In the book »Understanding Machine Learning: From Theory to Algorithms«, written by Ben-David and Shalev-Shwartz, there is a proof which I do not understand. The context is proving that if a hypothesis class $\mathcal{H}$ has finite VC dimension, then it enjoys the uniform convergence property.

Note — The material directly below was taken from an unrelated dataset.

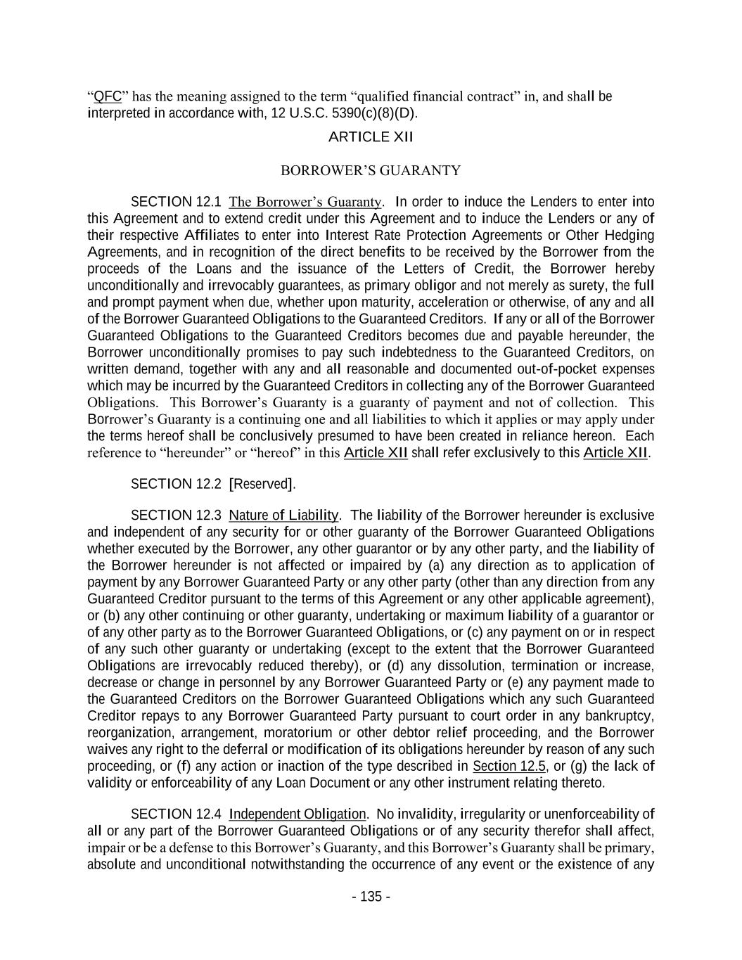 - 135 - “QFC” has the meaning assigned to the term “qualified financial contract” in, and shall be interpreted in accordance with, 12 U.S.C. 5390(c)(8)(D). ARTICLE XII BORROWER’S GUARANTY SECTION 12.1 The Borrower’s Guaranty. In order to induce the Lenders to enter into this Agreement and to extend credit under this Agreement and to induce the Lenders or any of their respective Affiliates to enter into Interest Rate Protection Agreements or Other Hedging Agreements, and in recognition of the direct benefits to be received by the Borrower from the proceeds of the Loans and the issuance of the Letters of Credit, the Borrower hereby unconditionally and irrevocably guarantees, as primary obligor and not merely as surety, the full and prompt payment when due, whether upon maturity, acceleration or otherwise, of any and all of the Borrower Guaranteed Obligations to the Guaranteed Creditors. If any or all of the Borrower Guaranteed Obligations to the Guaranteed Creditors becomes due and payable hereunder, the Borrower unconditionally promises to pay such indebtedness to the Guaranteed Creditors, on written demand, together with any and all reasonable and documented out-of-pocket expenses which may be incurred by the Guaranteed Creditors in collecting any of the Borrower Guaranteed Obligations. This Borrower’s Guaranty is a guaranty of payment and not of collection. This Borrower’s Guaranty is a continuing one and all liabilities to which it applies or may apply under the terms hereof shall be conclusively presumed to have been created in reliance hereon. Each reference to “hereunder” or “hereof” in this Article XII shall refer exclusively to this Article XII. SECTION 12.2 [Reserved]. SECTION 12.3 Nature of Liability. The liability of the Borrower hereunder is exclusive and independent of any security for or other guaranty of the Borrower Guaranteed Obligations whether executed by the Borrower, any other guarantor or by any other party, and the liability of the Borrower hereunder is not affected or impaired by (a) any direction as to application of payment by any Borrower Guaranteed Party or any other party (other than any direction from any Guaranteed Creditor pursuant to the terms of this Agreement or any other applicable agreement), or (b) any other continuing or other guaranty, undertaking or maximum liability of a guarantor or of any other party as to the Borrower Guaranteed Obligations, or (c) any payment on or in respect of any such other guaranty or undertaking (except to the extent that the Borrower Guaranteed Obligations are irrevocably reduced thereby), or (d) any dissolution, termination or increase, decrease or change in personnel by any Borrower Guaranteed Party or (e) any payment made to the Guaranteed Creditors on the Borrower Guaranteed Obligations which any such Guaranteed Creditor repays to any Borrower Guaranteed Party pursuant to court order in any bankruptcy, reorganization, arrangement, moratorium or other debtor relief proceeding, and the Borrower waives any right to the deferral or modification of its obligations hereunder by reason of any such proceeding, or (f) any action or inaction of the type described in Section 12.5, or (g) the lack of validity or enforceability of any Loan Document or any other instrument relating thereto. SECTION 12.4 Independent Obligation. No invalidity, irregularity or unenforceability of all or any part of the Borrower Guaranteed Obligations or of any security therefor shall affect, impair or be a defense to this Borrower’s Guaranty, and this Borrower’s Guaranty shall be primary, absolute and unconditional notwithstanding the occurrence of any event or the existence of any

The proof of this implication involves Sauer's Lemma (hypothesis classes with finite VC dimension have »small effective size«) and a theorem stating that hypothesis classes with »small effective size« enjoy the uniform convergence property. The proof of the latter sub-implication involves this theorem (Theorem 6.11 in the book):
Let $\mathcal{H}$ be a hypethesis class of binary classifiers over a domain $\mathcal{X}$ and let $\tau_{\mathcal{H}}$ be its growth function (from Sauer's Lemma). Then, for all $m \in \mathbb{N}$, for every distribution $\mathcal{D}$ over $\mathcal{X} \times \{0, 1\}$ and every $\delta \in (0, 1)$: $$ \forall h \in \mathcal{H}: \mathbb{P}_{S \sim \mathcal{D}^m}\left[ | L_{\mathcal{D}}(h) - L_S(h) | \leq \frac{4 + \sqrt{\log(\tau_{\mathcal{H}}(2m))}}{\delta\sqrt{2m}} \right] \geq 1 - \delta $$
In the proof for this theorem it is stated, that it follows immediately from the inequality $$ \mathbb{E}_{S \sim \mathcal{D}^m}\left[ \sup_{h \in \mathcal{H}} | L_{\mathcal{D}}(h) - L_S(h) | \right] \leq \frac{4 + \sqrt{\log(\tau_{\mathcal{H}}(2m))}}{\sqrt{2m}}, $$ the fact that the random variable $\theta := \sup_{h \in \mathcal{H}} | L_{\mathcal{D}}(h) - L_S(h) |$ is nonnegative and Markov's inequality.
However, I do not see how it follows immediately from those facts. What am I missing?